Sanctions DREETS : les risques du non-respect des regles de detachement
Les autorites francaises ont considerablement renforce l’arsenal repressif contre les manquements aux regles du detachement de travailleurs. La DREETS (anciennement DIRECCTE) dispose de pouvoirs de sanction administrative etendus, completes par des sanctions penales en cas de fraude avere. DAIRIA Law vous aide a comprendre et prevenir ces risques.
Les pouvoirs de controle de la DREETS
L’inspection du travail
Les agents de controle de l’inspection du travail disposent d’un droit d’acces aux chantiers et lieux de travail ou interviennent des salaries detaches. Conformement a l’article L.8271-1-2 du Code du travail, ils peuvent exiger la presentation immediate des documents suivants :
- La declaration SIPSI
- Le certificat A1
- Les bulletins de paie ou documents equivalents
- Le releve des heures de travail
- L’autorisation de travail pour les salaries non ressortissants de l’UE
- Les documents relatifs a l’aptitude medicale
La cooperation europeenne
La DREETS coopere avec les autorites des autres Etats membres via le systeme IMI (Internal Market Information), conformement a la directive 2014/67/UE d’execution. Cette cooperation permet la verification des informations communiquees par l’employeur etranger et la transmission des decisions de sanction.

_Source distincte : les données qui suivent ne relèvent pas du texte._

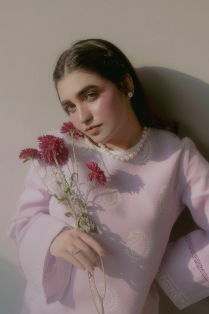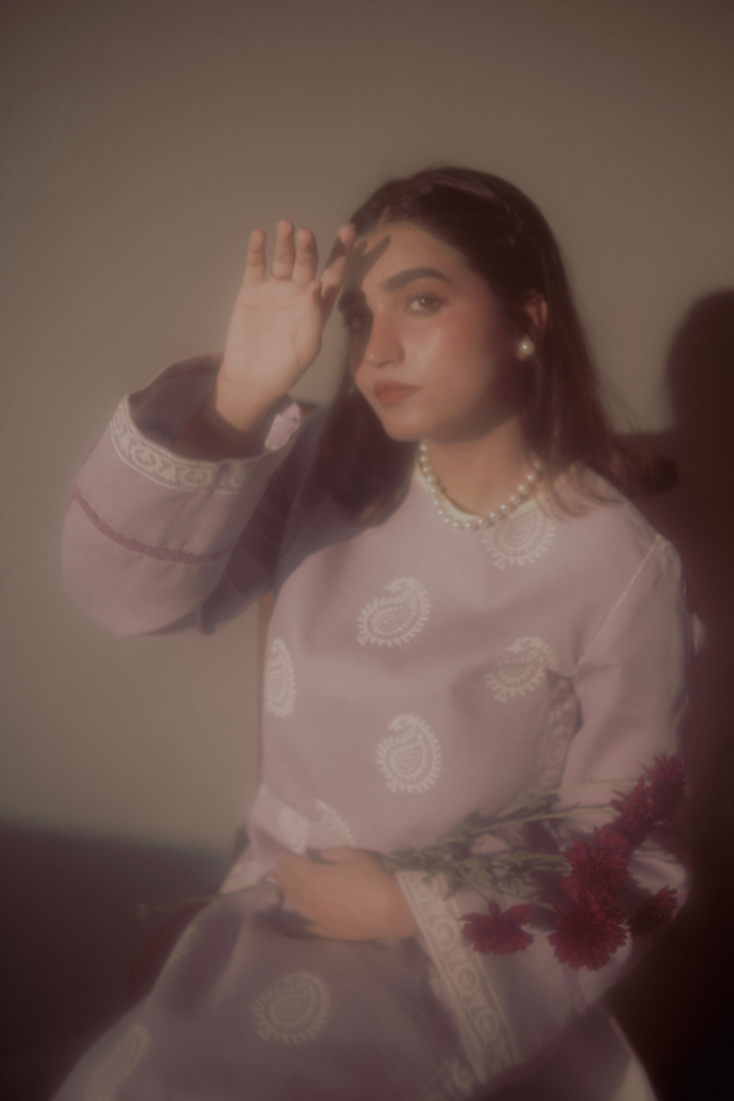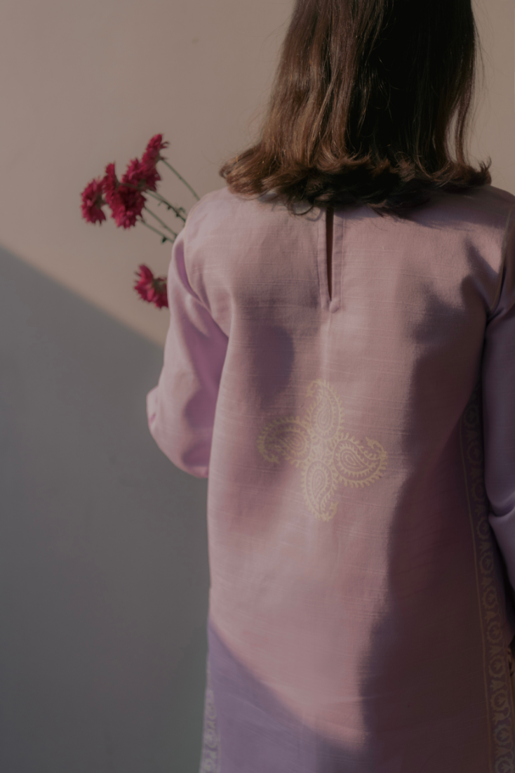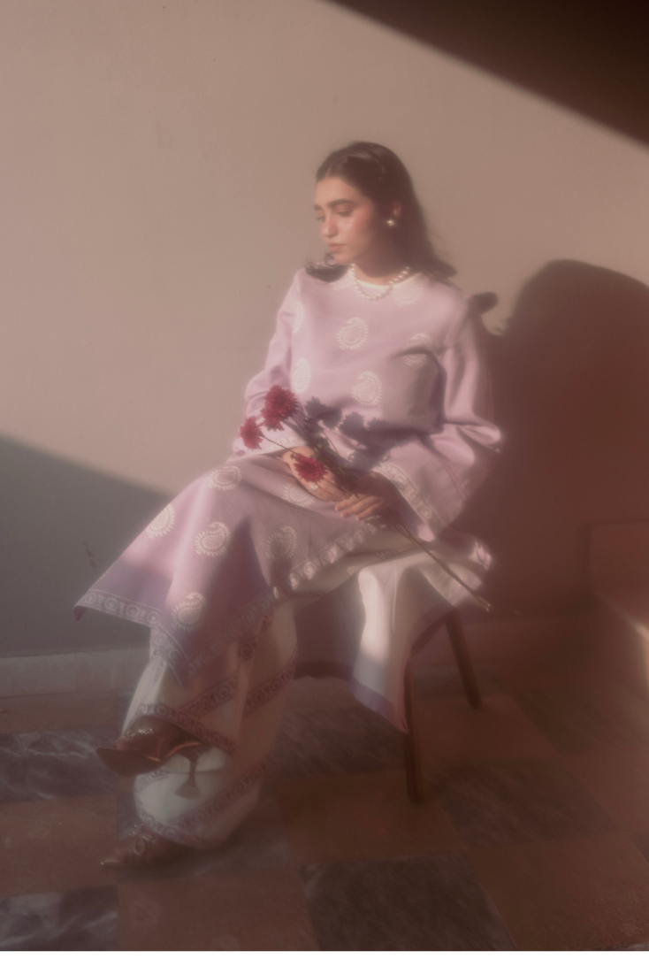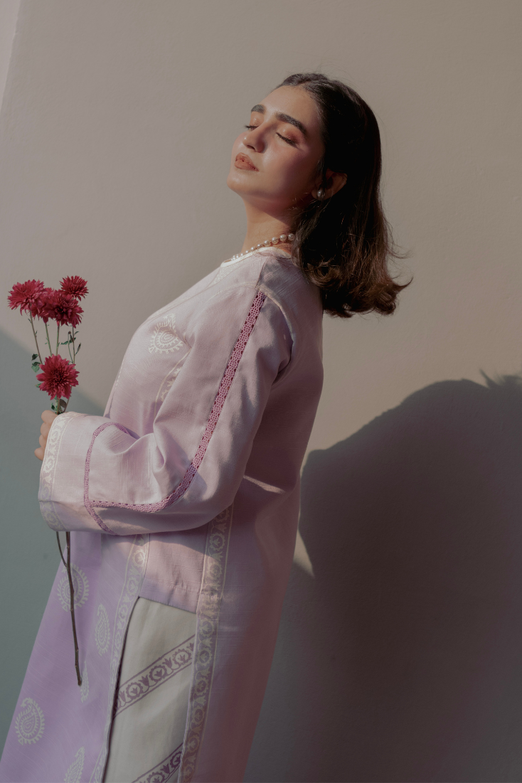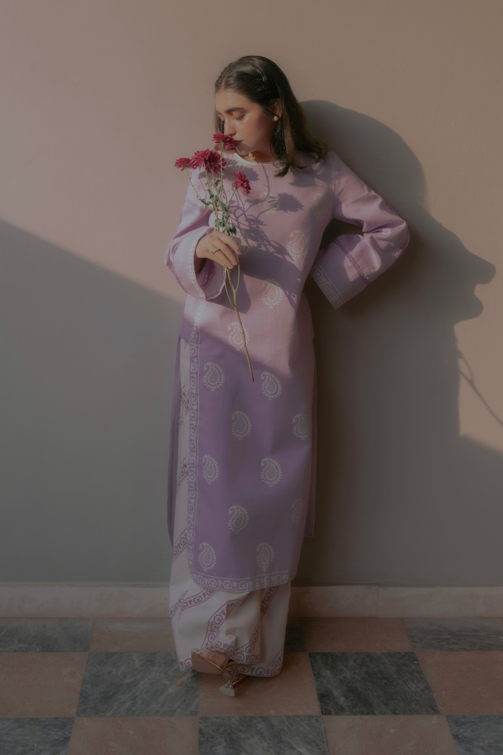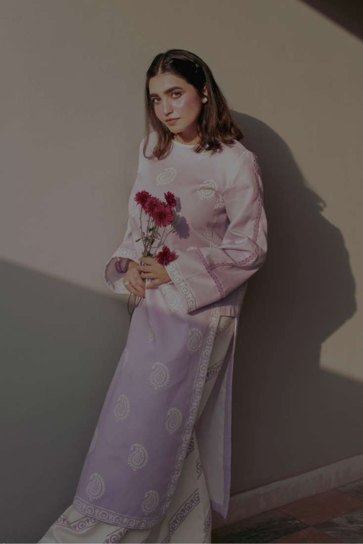 Description:Elevate your winter wardrobe with our exquisite Lavender Khaddar ensemble, featuring intricate hand-block printed designs. The long shirt boasts a beautiful Paisley block print on the front and back, complemented by a delicate Hamd block-printed border on the choke, borders, and sleeves hem. Adorned with lace details on the sleeves and back opening, this piece is a true masterpiece. Paired with hand-block printed wide-leg pants featuring diagonal lines and a printed hem, this outfit is perfect for making a statement this winter season.
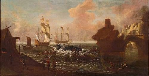A sea monster hunt with numerous figures off an imaginary Mediterranean coast
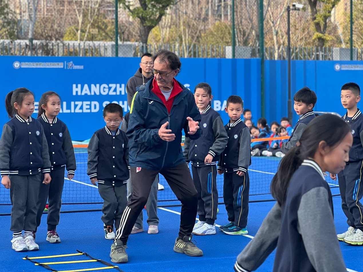 마드리드 테니스연합회 회장과 저장 테니스협회 회장 등 중외 귀빈들이 19일 항저우시 마이위차오(賣魚橋)초등학교에 모여 캠퍼스 스포츠 문화 발전에 대해 함께 논의했다.
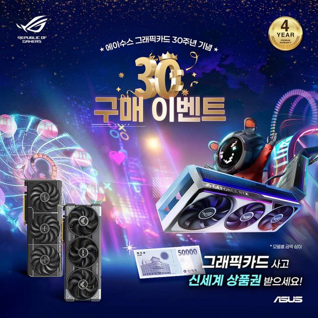 에이수스 코리아는 그래픽카드 출시 30주년을 기념해 ROG, TUF, PRIME 라인업 그래픽카드 구매 고객을 대상으로 상품권 증정 이벤트를 진행한다.
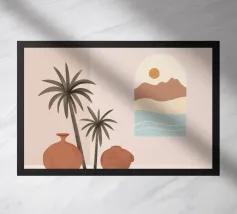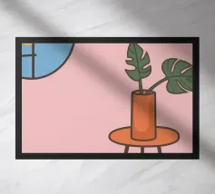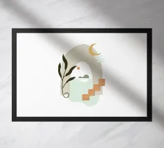 Una composizione minimalista con una scala rosa, una pianta in vaso e una mezzaluna su una parete rosa tenue. Quest'opera d'arte emana un senso di serena semplicità da sogno e un'estetica moderna.
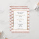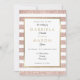 Convite de casamento elegante com brilho dourado rosa e listras brancas, apresentando letras elegantes em dourado e preto. Personalize com as informações do seu dia especial de casamento em texto moderno. Criado por Thisisnotme©
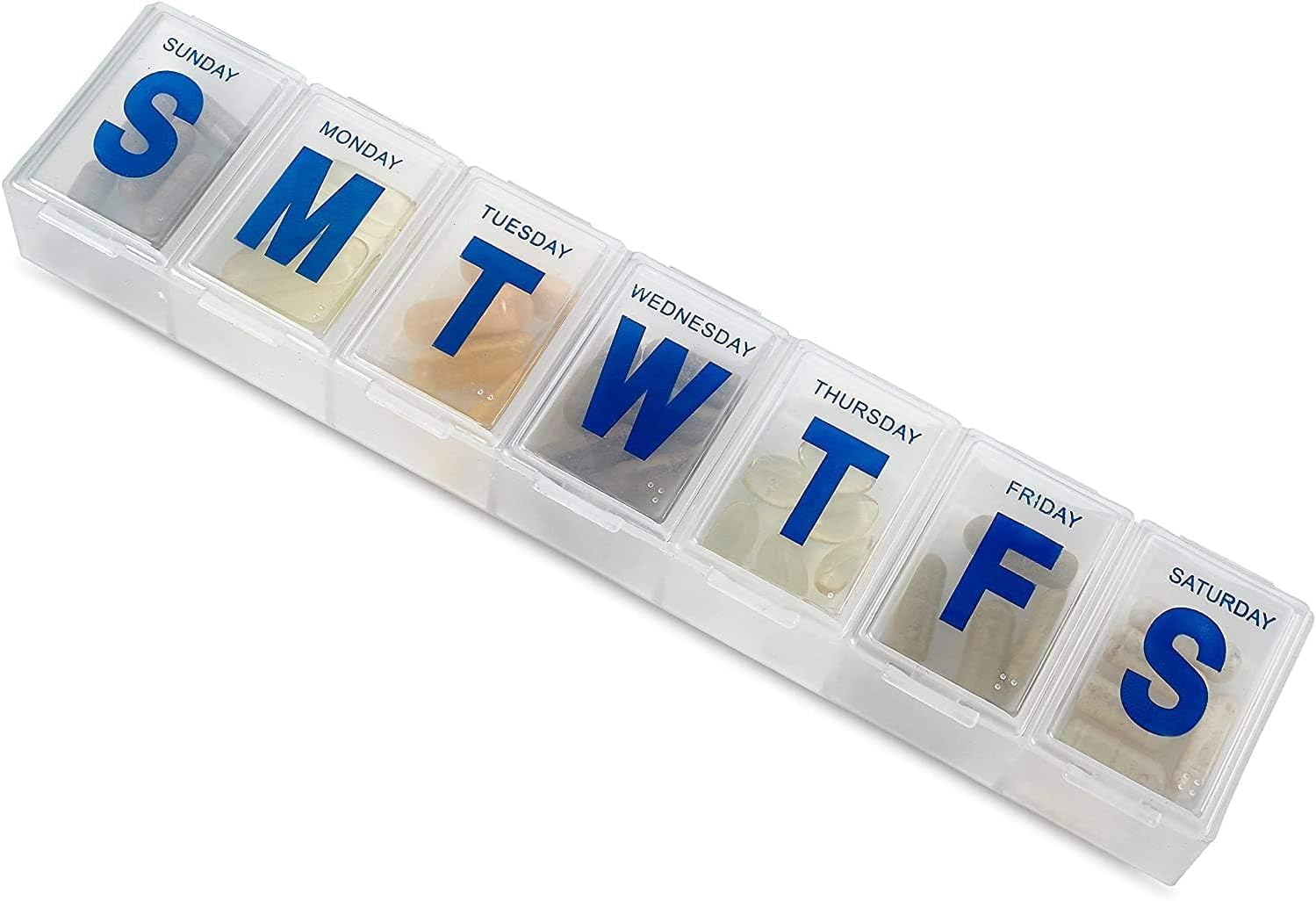 - ATTRACTIVE DESIGN: Our pill organizer looks very attractive as it comes in bright blue letters, unlike other dull and boring pill containers.
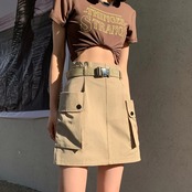 送料無料 アパレル ベルト付きサロペットスカート 2023年夏 ウエスト着痩せショートスカート Y2k Hライン ポケット ファルダス サマー 夏物 ハーネス AE122232217010007011 | mihatudai(みはつばい)ネットショッピングならmihatudai
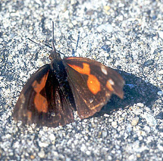 歩道に座り込んだテングチョウ(写真134)。前のはねの先が独特です。口元の下から太いひげが一対長く伸びて天狗(てんぐ)の鼻のようです。
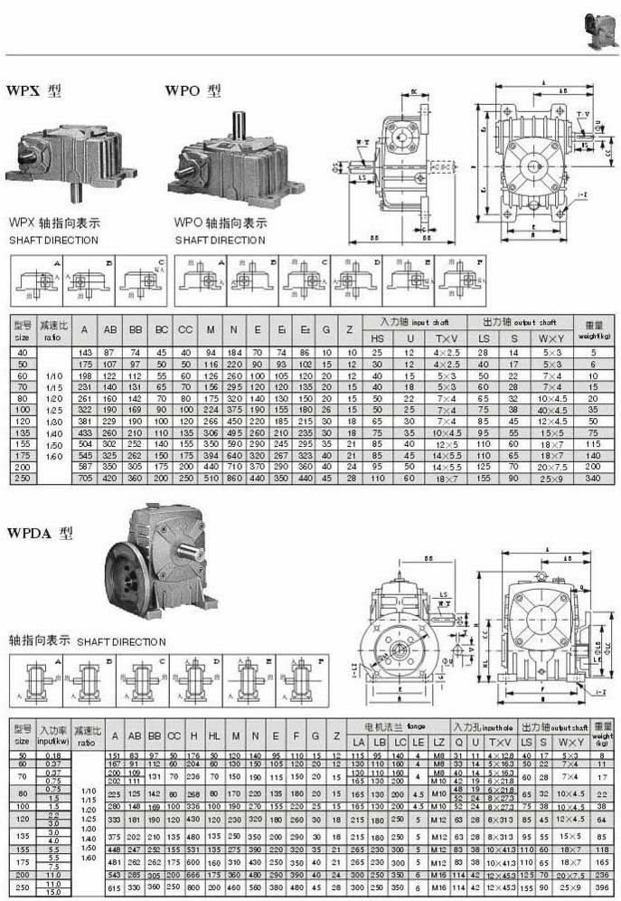 WPX,WPO WPDA型型號參數圖表
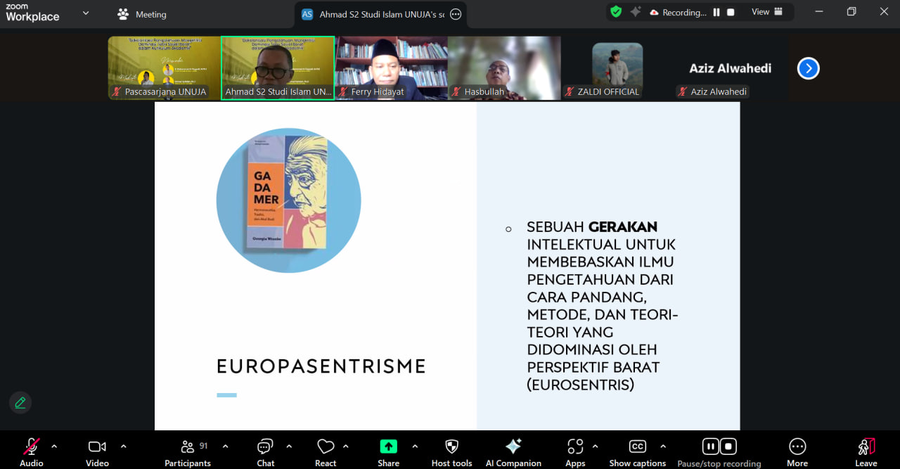 Kegiatan yang diikuti oleh 89 peserta dari kalangan mahasiswa, dosen, dan praktisi pendidikan ini menjadi ruang intelektual untuk merenungkan kembali arah keilmuan bangsa. Diskusi dipandu oleh Dr. Abu Khaer, MA., Hum., dosen Pascasarjana UNUJA, dengan menghadirkan tiga narasumber yang berkompeten di bidang filsafat, ilmu sosial, dan kajian Islam kontemporer.
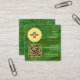 This modern green and gold marble square business card is for professionals and entrepreneurs. The front side has a customisable QR code that you can replace with your own. There is also a logo placeholder where you can add a logo or photo of yourself or your business. There is text in for your name, title and company, plus email, phone, handle and address. On the back is customisable elegant script for adding a tagline or personalised message and below that is where you can enter your web address.
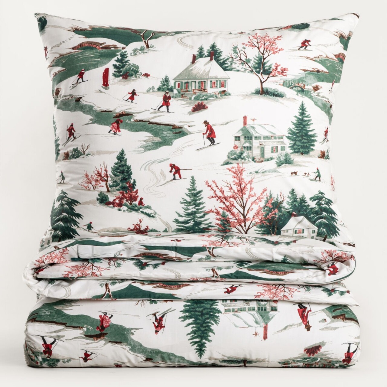 Creati o atmosfera unica in dormitorul dumneavoastra cu lenjeria de pat CORTINA. Cu motive festive aceasta lenjerie de pat aduce spiritul Craciunului direct in dormitor, oferind confort si o atmosfera plina de veselie. Este, de asemenea, o optiune excelenta pentru un cadou practic.
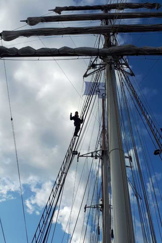Sie schläft in der Mitte eines kleinen, gemütlichen 3er-Stockbetts in einem Raum, den sie mit 59 anderen Schülern aus aller Welt teilt. „Wenn wir auf See sind, schmeißen uns die Wellen aus unseren Betten oder wir sind damit beschäftigt, an Deck an den Schotleinen zu ziehen, um das Boot zu stabilisieren.“ Pausen oder Privatsphäre gebe es nicht und das Leben an Bord ist ganz schön anstrengend, „aber trotzdem genieße ich jede einzelne Minute.“
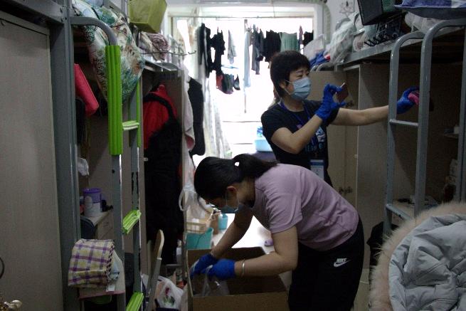 7月3日,学院老师们分为上下午两个时段,共60个工作组,开展打包工作,有了前期的充分准备,现场打包过程井然有序。宿舍内,老师们一对一与员工视频连线、直播整理,爬上爬下打包床铺,整理包装桌子上的小物件,搜索阳台遗留的衣物,寻找柜子下“消失”的鞋子,不放过一个“角落”。
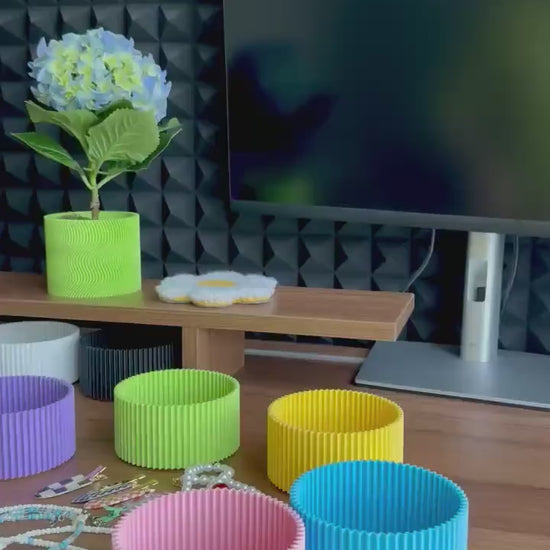 This taller, cylinder-shaped organizer is a perfect choice for those who want to store more items not only conveniently but also in style. The bright colors and wavy surface give it a playful touch, while the practical shape makes it suitable for holding a variety of small items – from office supplies to cosmetics or jewelry. The organizer is stackable, so it easily connects with other organizers from our collection, allowing you to create your own organization system that looks like a colorful design accent.
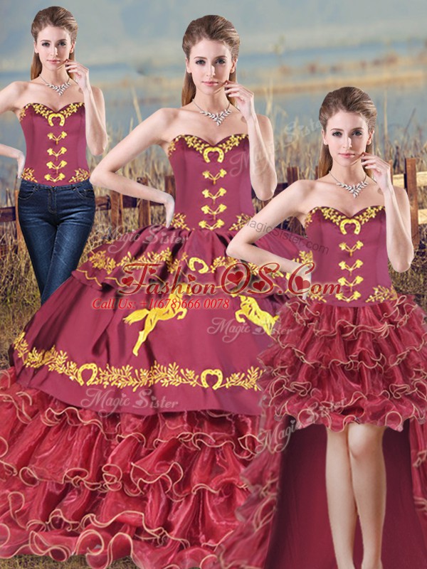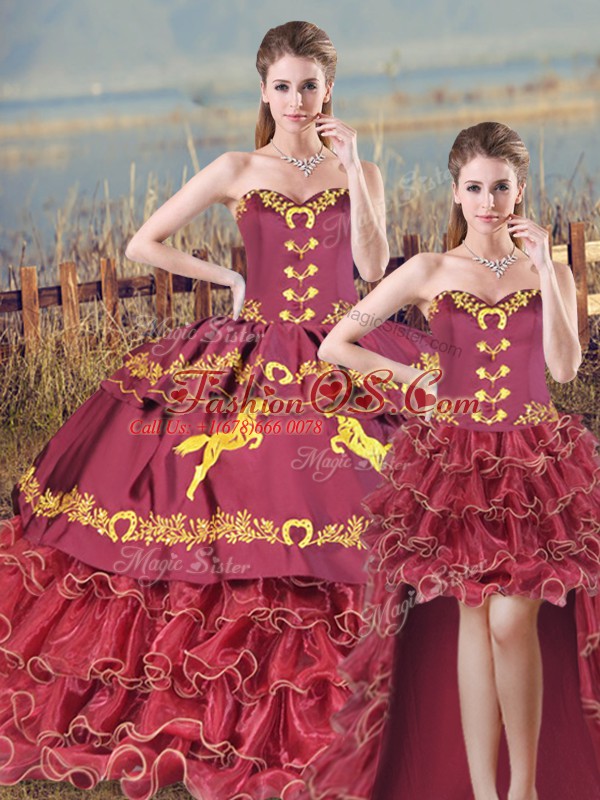 Home >  Quinceanera Dresses >  Detachable Quinceanera Skirts > Satin and Organza Sleeveless Quinceanera Dresses Brush Train and Embroidery and Ruffles
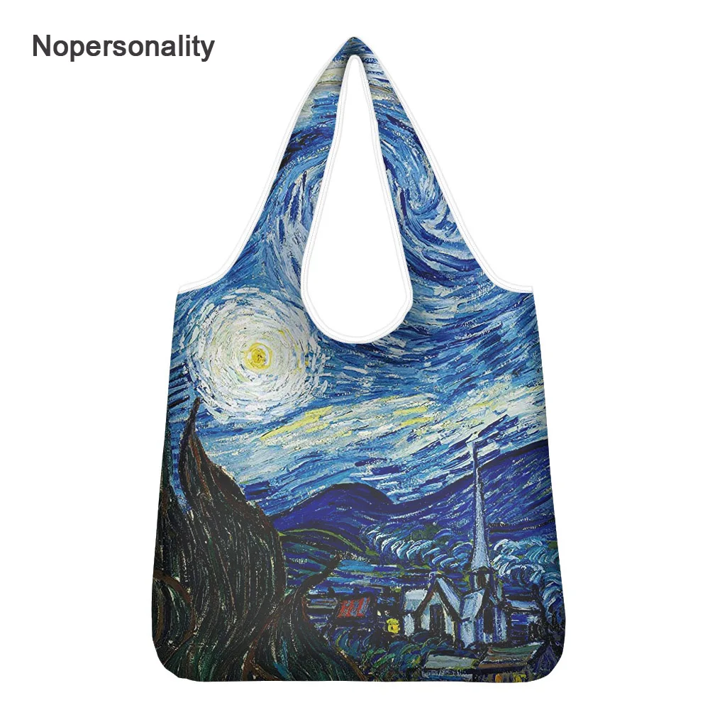 Складная рециркулированые хозяйственные сумки Эко-дружественных Женская многоразовая сумка для покупок с короткими ручками Сумка с изображением звездной ночи для фруктов и овощей, Бакалея карман
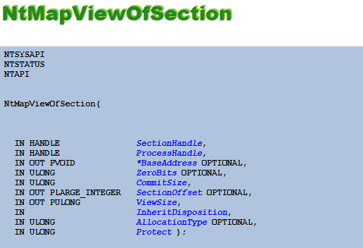 NT API: NtCreateSection() – Bellek içinde yeni bir yürütülebilir bölüm oluşturur.
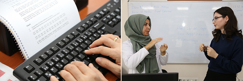 Demet Atasoy, İstanbul’da olmadığı için her gün yüzlerce kilometre yol kat ederek KO-MEK’te işitme engelli bireyler için Hızlı Klavye Kursu eğitimi alıyor.
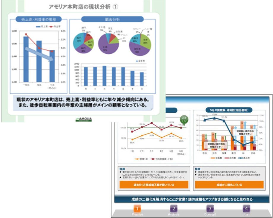 - グラフ(エクセル)、チャート図(パワーポイント)を用いて、数値から見える課題がひと目でわかる

Les sanctions administratives
Amendes administratives
Les amendes administratives prononcees par la DREETS sont prevues a l’article L.1264-3 du Code du travail. Elles sanctionnent plusieurs types de manquements :
- Defaut de declaration SIPSI : amende de 4 000 euros par salarie detache, plafonnee a 500 000 euros
- Non-designation d’un representant : amende de 4 000 euros par salarie detache
- Non-respect du noyau dur : amende proportionnee a la gravite du manquement
- Defaut de conservation des documents : amende de 4 000 euros par salarie concerne
En cas de recidive dans un delai de deux ans, le montant de l’amende peut etre porte a 8 000 euros par salarie, dans la limite de 500 000 euros.
Suspension de la prestation de services
L’article L.1263-4-1 du Code du travail permet au prefet, sur rapport de l’inspection du travail, d’ordonner par decision motivee la cessation temporaire de la prestation de services. Cette suspension peut etre prononcee lorsque :
- Un manquement grave aux regles du detachement est constate (non-paiement du salaire minimum, conditions d’hebergement indignes)
- L’employeur ne respecte pas une mise en demeure de regularisation
La duree de suspension ne peut exceder un mois. Pendant cette periode, l’employeur doit continuer a remunerer les salaries detaches.
Interdiction de prestation de services
En cas de recidive ou de manquements particulierement graves, le prefet peut prononcer une interdiction de fournir des prestations de services sur le territoire francais pour une duree maximale de deux ans. Cette mesure, prevue a l’article L.1263-4-2 du Code du travail, est notifiee a l’employeur et communiquee aux autres Etats membres.
Les sanctions penales
Travail dissimule
Le recours a un detachement fictif peut etre qualifie de travail dissimule au sens des articles L.8221-1 et suivants du Code du travail. Les peines encourues sont :
- Trois ans d’emprisonnement et 45 000 euros d’amende (article L.8224-1)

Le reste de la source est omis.